SOURCE DATA:
*** Begin section ***
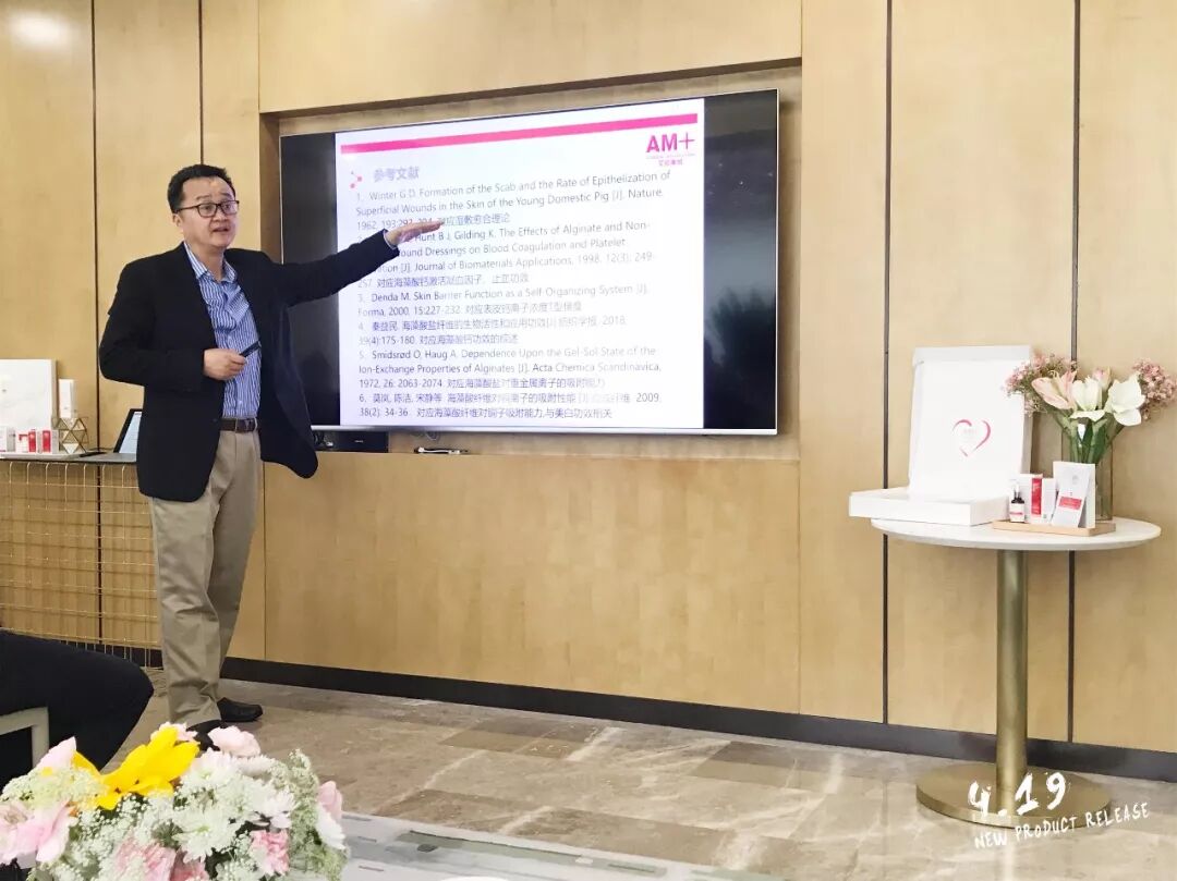 现场陈飞博士介绍了海藻酸钙的设计原理,以及分享了新品理念和成效,使得现场的皮肤医生都叹为观止。好的技术让更多人了解并且体验,这也是这次活动的目标。
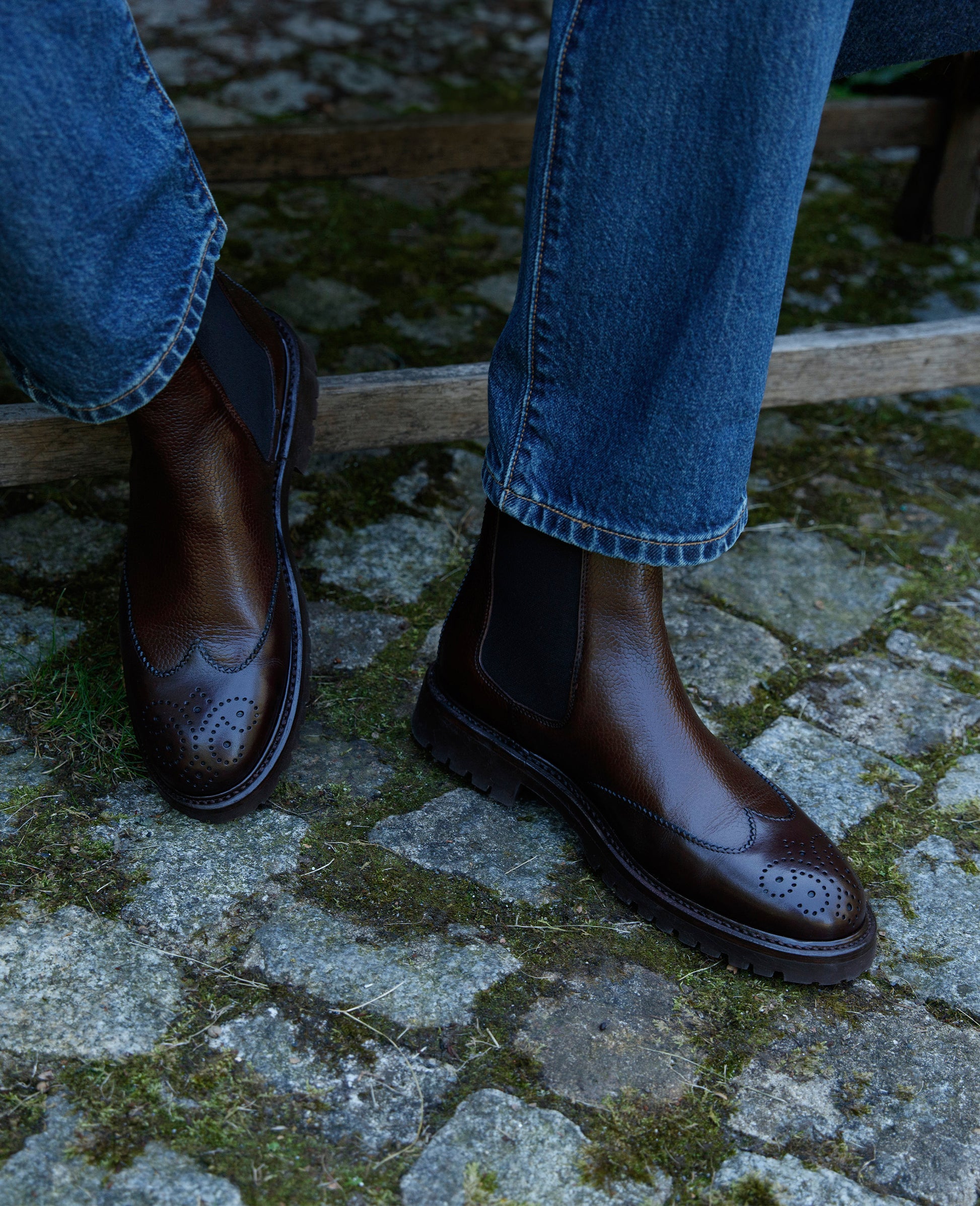 The Bonnie full-brogue Chelsea boot in dark brown made from embossed calfskin features an interior made from vegetable-tanned leather. With a rubber sole and handmade, goodyear-welted construction, it combines comfort and durability. Made in Spain.
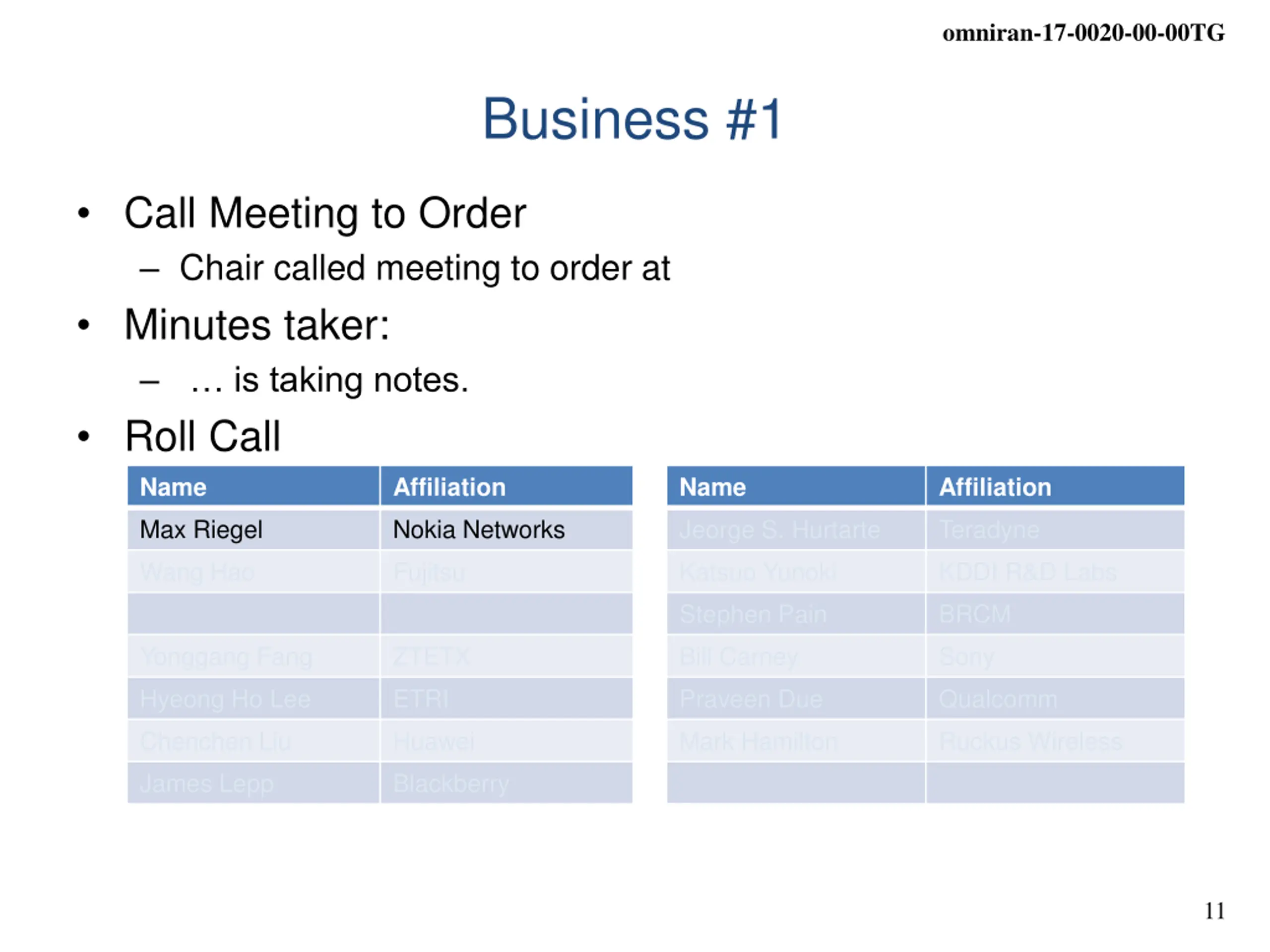 omniran-17-0020-00-00TG Business #1 Call Meeting to Order Chair called meeting to order at Minutes taker: is taking notes. Roll Call Name Affiliation Name Affiliation Max Riegel Nokia Networks Jeorge S. Hurtarte Teradyne Wang Hao Fujitsu Katsuo Yunoki KDDI R&D Labs Stephen Pain BRCM Yonggang Fang ZTETX Bill Carney Sony Hyeong Ho Lee ETRI Praveen Due Qualcomm Chenchen Liu Huawei Mark Hamilton Ruckus Wireless James Lepp Blackberry 11
*** End section ***
TASK DETAILS:
A verbatim transcript of the material above, with images dropped, is the expected output.

RESPONSE FOR THIS EXERCISE:
 现场陈飞博士介绍了海藻酸钙的设计原理,以及分享了新品理念和成效,使得现场的皮肤医生都叹为观止。好的技术让更多人了解并且体验,这也是这次活动的目标。
 The Bonnie full-brogue Chelsea boot in dark brown made from embossed calfskin features an interior made from vegetable-tanned leather. With a rubber sole and handmade, goodyear-welted construction, it combines comfort and durability. Made in Spain.
 omniran-17-0020-00-00TG Business #1 Call Meeting to Order Chair called meeting to order at Minutes taker: is taking notes. Roll Call Name Affiliation Name Affiliation Max Riegel Nokia Networks Jeorge S. Hurtarte Teradyne Wang Hao Fujitsu Katsuo Yunoki KDDI R&D Labs Stephen Pain BRCM Yonggang Fang ZTETX Bill Carney Sony Hyeong Ho Lee ETRI Praveen Due Qualcomm Chenchen Liu Huawei Mark Hamilton Ruckus Wireless James Lepp Blackberry 11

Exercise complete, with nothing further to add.